Regex to change only number inside a div

Question

I have this regex for now

/<div[^>]*>|(\d{1,9}\.\d{2})/

which detect the opening of a <div> and group the number in a currency format inside it.

If I have a string like this

<div class="foo">Hello world 4546.00 and 6596.45 bla bla bla</div>

I would like to only replace the numbers inside it with a preg_replace

As you can see in the example below, I don't want the number outside of the div to be selected, only ones inside.

https://regex101.com/r/AZd896/1/

@ctwheels we I need to summon him because it will be helpful to finish my client's task from hell ;) — Warface, Dec 08 '17 at 18:57
What you're looking to do is outside the scope of the capabilities for regular expressions. Regexes can find patterns in code, but they can't get semantic meaning. See http://htmlparsing.com/regexes for examples of why you don't want to try to parse HTML with regexes. — Andy Lester, Dec 08 '17 at 19:47
@AndyLester Lord Satan who goes by the name of `ctwheels` gave me a good regex which helped me do my `preg_replace`. And it's working like a charm https://regex101.com/r/AZd896/2 — Warface, Dec 08 '17 at 19:53

ctwheels · Accepted Answer · 2017-12-08T19:53:42.360

Brief

I'm not sure why you got downvoted so quickly, but I can only assume it's because of this question's topic and its relationship with regex match open tags except xhtml self contained tags.
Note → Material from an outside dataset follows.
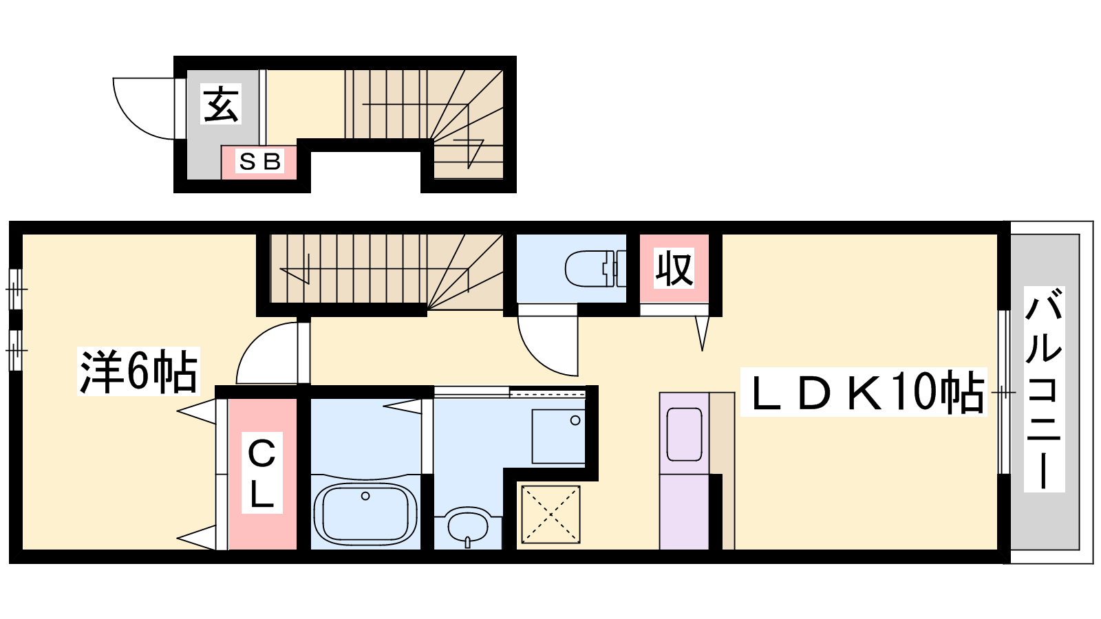 - LDK10帖、洋室6帖

By no means is this the best answer, but, in the scope of your question, it does solve your issue.

Code

See regex in use here

(?:<div[^>]*>|\G(?!\A))(?:(?!</div>).)*?\K\d{1,9}\.\d{2}

If the <div> tag might span multiple lines, you can add the s modifier to allow . to match newline characters as seen here.

Results

Input

dasdfasdf 355.56 asdfasd
<div class="sdaf">sdfsad 36546545643.00 asdfa sdf sadfasdf 544.45 sadfs</div>
dasdfasdf 355.56 asdfasd

Output

dasdfasdf 355.56 asdfasd
<div class="sdaf">sdfsad 36 asdfa sdf sadfasdf  sadfs</div>
dasdfasdf 355.56 asdfasd

Explanation

(?:<div[^>]*>|\G(?!\A)) Match either of the following
- <div[^>]*> Match the following
  - <div Match this literally
  - [^>]* Match any number of any character not present in the set (anything except >)
  - > Match this literally
- \G(?!\A) Assert position at the end of the previous match
(?:(?!</div>).)*? Tempered greedy token matching any character any number of times, but as few as possible, and ensuring not to match </div>
\K Resets the starting point of the reported match. Any previously consumed characters are no longer included in the final match.
\d{1,9}\.\d{2} Match 1-9 digits, followed by a literal dot ., followed by exactly 2 digits

Please note that this approach will break if the
is not on the same line as the text. — Andy Lester, Dec 08 '17 at 19:49
@AndyLester [the `s` modifier can be used](https://regex101.com/r/AZd896/3). I added a note to my answer including this logic. — ctwheels, Dec 08 '17 at 19:51

score 1 · Answer 2 · answered Dec 08 '17 at 19:21

While Parsing HTML with regex sounds like fun, please use a proper XML parser instead. You can use the following DOMDocument code to achieve, this functionality:

<?php

$html = 'dasdfasdf 355.56 asdfasd
<div class="sdaf">sdfsad 36546545643.00 asdfa sdf sadfasdf 544.45 sadfs</div>';

$doc = new DOMDocument();
$doc->loadHTML($html, LIBXML_HTML_NOIMPLIED | LIBXML_HTML_NODEFDTD);
$divs = $doc->getElementsByTagName('div');
foreach($divs as $div)
{
    $innerText = $div->nodeValue;
    $div->nodeValue = preg_replace('(\d{1,9}\.\d{2})', 'whatever', $innerText);
}

$html = $doc->saveHTML();

var_dump($html);

Now, with this you only have to parse with REGEX the inner string instead of the <div> itself.